Finance & Economy

The Most Insightful Hour in CRE Part 22 with Dr. Peter Linneman

July 9, 2025

The Most Insightful Hour in CRE Part 22 with Dr. Peter Linneman

Dr. Peter Linneman

Leading Economist, Professor Emeritus, The Wharton School of Business

In our 22nd conversation on the Walker Webcast, I sat down with my friend and longtime collaborator, Dr. Peter Linneman, economist, Wharton professor emeritus, and author of the Linneman Letter. This conversation, as always, delivered the most insightful hour in commercial real estate.

A new mood in the room

At a recent private gathering honoring the late Sam Zell, Peter hosted a roundtable of top real estate minds. The sentiment was noticeably shifted from last year: banks are returning to the market, Class A office—especially in Manhattan—is seeing increased leasing and financing interest, and high-net-worth developers with long-term horizons are stepping into the development void.

Office clarity and the DC effect

Peter and I discussed the federal government's role in D.C.'s resurgence. Despite a decline in federal headcount, back-to-office mandates have driven both multifamily and office demand in the capital. Office occupancy in D.C. is up 600 basis points from a year ago, although it still lags behind Texas markets. The takeaway: where people are required to be physically present, real estate follows.

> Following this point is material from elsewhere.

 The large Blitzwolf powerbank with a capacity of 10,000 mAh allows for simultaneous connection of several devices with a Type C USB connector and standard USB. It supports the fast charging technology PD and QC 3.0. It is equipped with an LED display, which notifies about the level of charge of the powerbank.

Rates, inflation, and the Fed's overcorrection

We delved into CPI data, stripping out flawed owner-equivalent rent metrics to reveal a more accurate inflation rate of 1.5 percent. Peter argues convincingly that, with supply chains normalized and the money supply stable, inflation has returned to pre-COVID norms. He projects the Fed should lower the short rate to 2.25–2.50 percent, and we made another friendly wager—this time over a pair of sneakers—on whether we’ll see 100 bps in rate cuts by year-end.

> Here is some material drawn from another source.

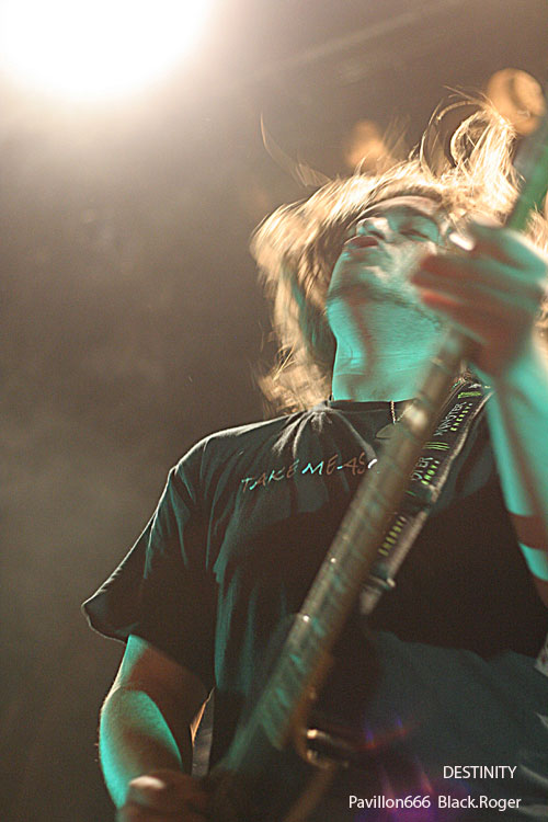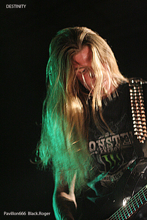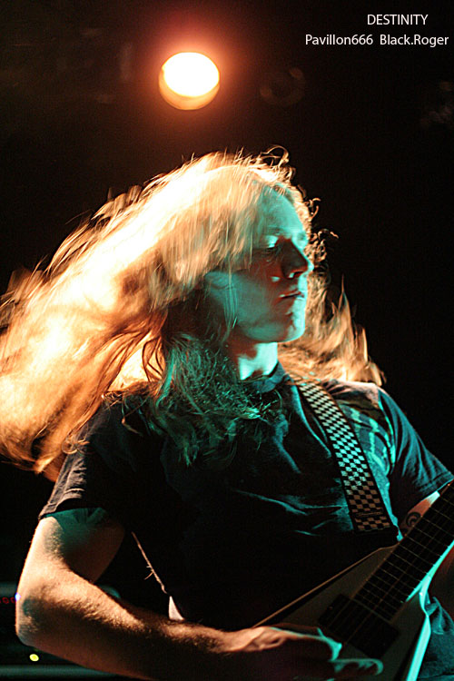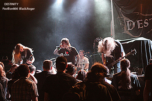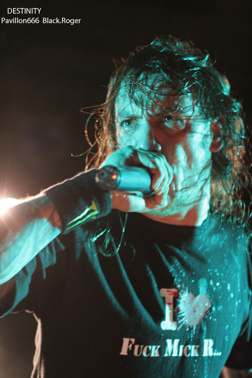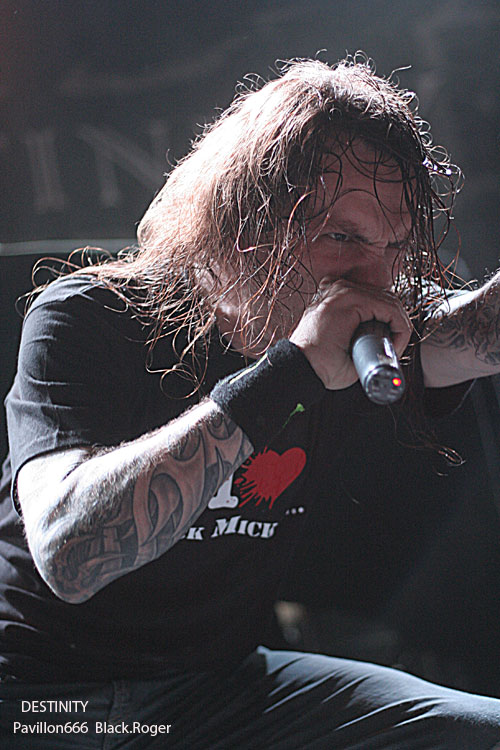 La nouvelle “idée” de la municipalité de Villeurbanne d’imposer une sono “bridée » à 98 décibels, déjà remarquée lors du dernier concert dans cette même salle deux jours auparavant (LE BAL DES ENRAGES), va ce soir s’avérer bien gênante pour les groupes, et le public évidemment. Les concerts de punk, métal et autres,dits « bruyants » pour certains vont en prendre un coup c’est certain au CCO. Il fallait le dire et vous informer, vous amateurs de certaines musiques dites « amplifiées », et au bout du compte « mal-aimées » par des gens « bien-pensants ». Ce coup de gueule passé, revenons-en au concert de ce soir. C’est donc DESTINITY, les thrasheurs que l’on ne présente plus qui vont faire les frais de la nouvelle réglementation. En effet on n’entend pas bien le chanteur/frontman et les guitares semblent lointaines. Et pourtant, le quintette Lyonnais connu hors de l’hexagone déborde d’énergie et de savoir –faire, il fait de son mieux et arrive tout de même à provoquer l’émoi dans les premiers rangs. C’est un show assurément efficace qui se déroule devant nous. DESTINITY reste un bon groupe de scène avec de bonnes compositions, c’est un fait indéniable. Set passionné aux accents volontaires et bien en place qui satisfait tout le monde, le groupe jouant « at home » pour une fois. Très bonne prestation malgré les ennuis cités plus haut.
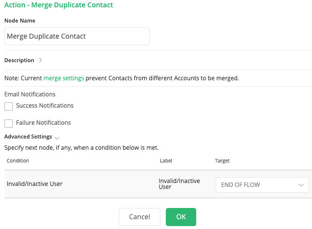 The email notifications allow you to configure how the Merge Dupe Contact Node can notify Users of either a successful merge or a failure. You can select an email template and list of recipients.

Energy’s unexpected tailwind

One underappreciated boost to GDP? Oil prices. Despite geopolitical turmoil and tight global supply, oil prices have hovered around $65–$70 per barrel, largely due to record U.S. production and rising output from non-OPEC nations, such as Guyana. As Peter noted, the U.S. is now producing nearly 14 million barrels per day, the highest output ever recorded by any country. This energy abundance offsets the economic drag of rising tariffs, creating a powerful tailwind for growth. Twenty years ago, an event like the bombing of Iran’s oil infrastructure would have spiked prices above $150. Today, it barely registers. That’s a structural advantage worth paying attention to.

Multifamily’s moment

Absorption is booming, with 800,000 units taken up in the past year, including 227,000 units in Q2 2025 alone. Developers are pulling back, which will likely set the stage for significant rent growth from 2026 through 2028. As owners focus on occupancy rather than rent hikes, national occupancy has hit 95.6 percent. Landlords are holding back on pricing power for now.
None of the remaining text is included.